* [Required action]:
Before returning the data, strip out the pictures and keep everything else exactly the same.

* [Supplied material]:
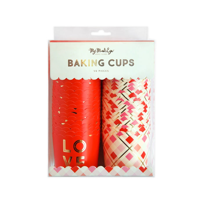 Gold Foiled Love/Diagonal Plaid Food Cups
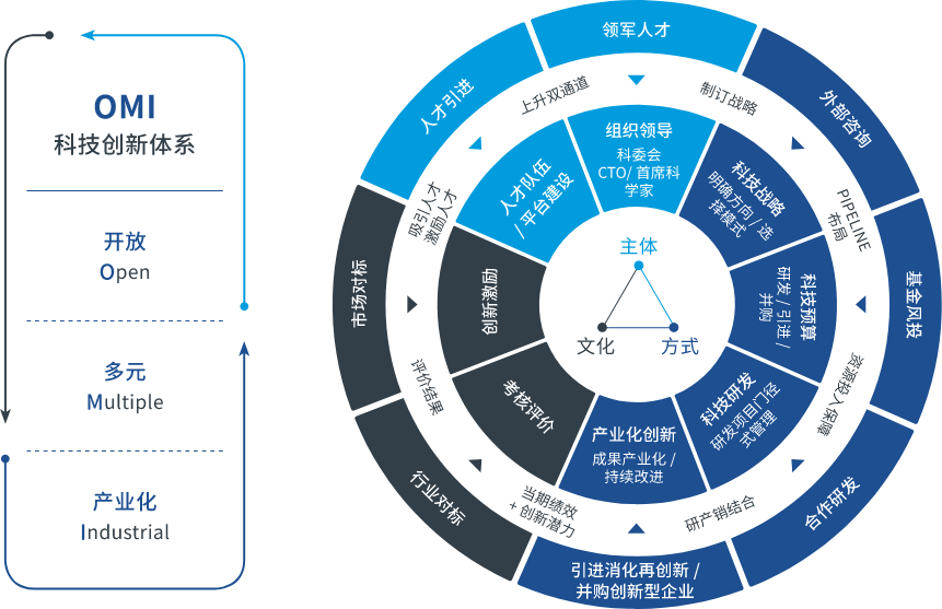 中國中化以“創新三角”為內核,緊密結合行業和產業發展階段的創新特點,形成開放(Open)、多元(Multiple)、產業化(Industrial)的OMI科技創新體系建設方案,加強頂層設計,重塑科技創新體系,著力增強自主創新能力,推動公司產業轉型和發展動能轉換。
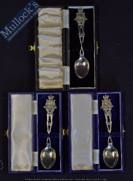 3x British South Africa Police Spoons - Crossed rifles with Force badge to top, all having silver hallmarks and cased 78g total (3)
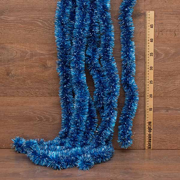 н.г. Мишура новогодняя 2м*5см. "Иней" с белыми кончиками синяя
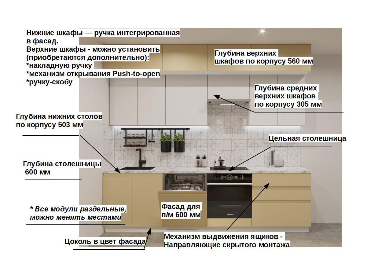 Кухонная мойка, стеновая панель, посудосушитель, планки для столешницы в комплект не входят.
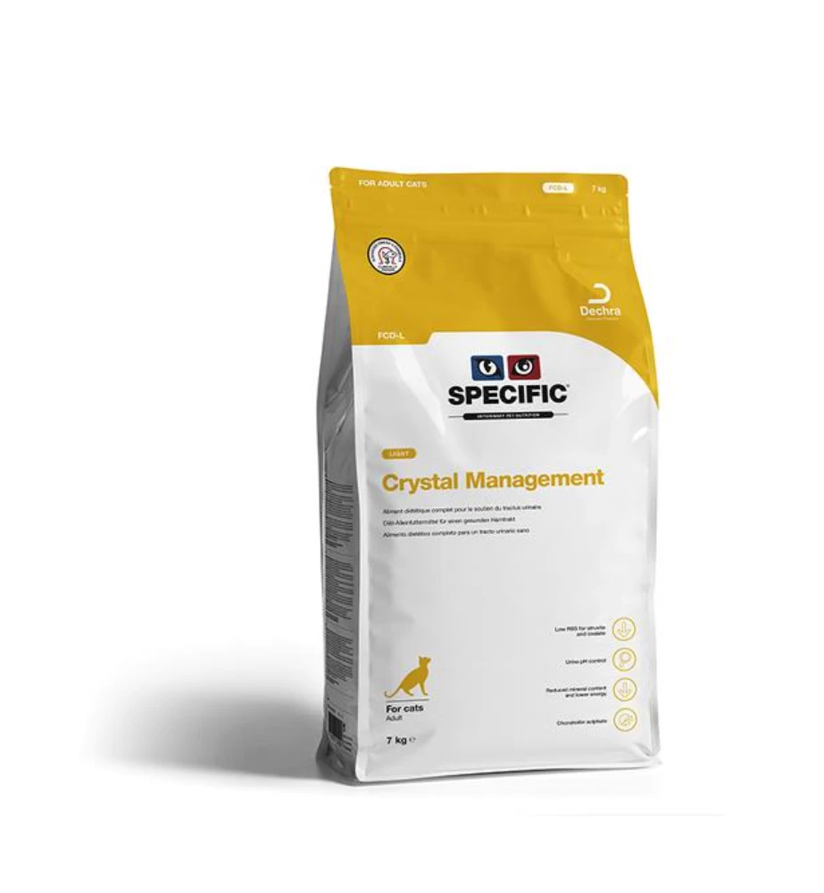 Specific Crystal Management Light FCD-L is een dieetvoeding voor katten de preventief werkt tegen de vorming van struviet- en calciumoxalaat gruis. Vanwege de lage energiewaarde is deze voeding ideaal voor katten die problemen hebben met overgewicht. Door het lage gehalte aan natrium is deze voeding geschikt om langdurig te geven.  In het Specific Crystal Management Light FCD-L dieet zitten minder mineralen (magnesium & fosfor) wat ervoor zorgt dat zich geen nieuwe kristallen vormen. Daarnaast is de voeding rijk aan Omega-3 vetzuren uit vis (EPA & DHA) wat zorgt voor een gezonde vacht, huid en soepele gewrichten.

* [Result of the exercise]:
 Gold Foiled Love/Diagonal Plaid Food Cups
 中國中化以“創新三角”為內核,緊密結合行業和產業發展階段的創新特點,形成開放(Open)、多元(Multiple)、產業化(Industrial)的OMI科技創新體系建設方案,加強頂層設計,重塑科技創新體系,著力增強自主創新能力,推動公司產業轉型和發展動能轉換。
 3x British South Africa Police Spoons - Crossed rifles with Force badge to top, all having silver hallmarks and cased 78g total (3)
 н.г. Мишура новогодняя 2м*5см. "Иней" с белыми кончиками синяя
 Кухонная мойка, стеновая панель, посудосушитель, планки для столешницы в комплект не входят.
 Specific Crystal Management Light FCD-L is een dieetvoeding voor katten de preventief werkt tegen de vorming van struviet- en calciumoxalaat gruis. Vanwege de lage energiewaarde is deze voeding ideaal voor katten die problemen hebben met overgewicht. Door het lage gehalte aan natrium is deze voeding geschikt om langdurig te geven.  In het Specific Crystal Management Light FCD-L dieet zitten minder mineralen (magnesium & fosfor) wat ervoor zorgt dat zich geen nieuwe kristallen vormen. Daarnaast is de voeding rijk aan Omega-3 vetzuren uit vis (EPA & DHA) wat zorgt voor een gezonde vacht, huid en soepele gewrichten.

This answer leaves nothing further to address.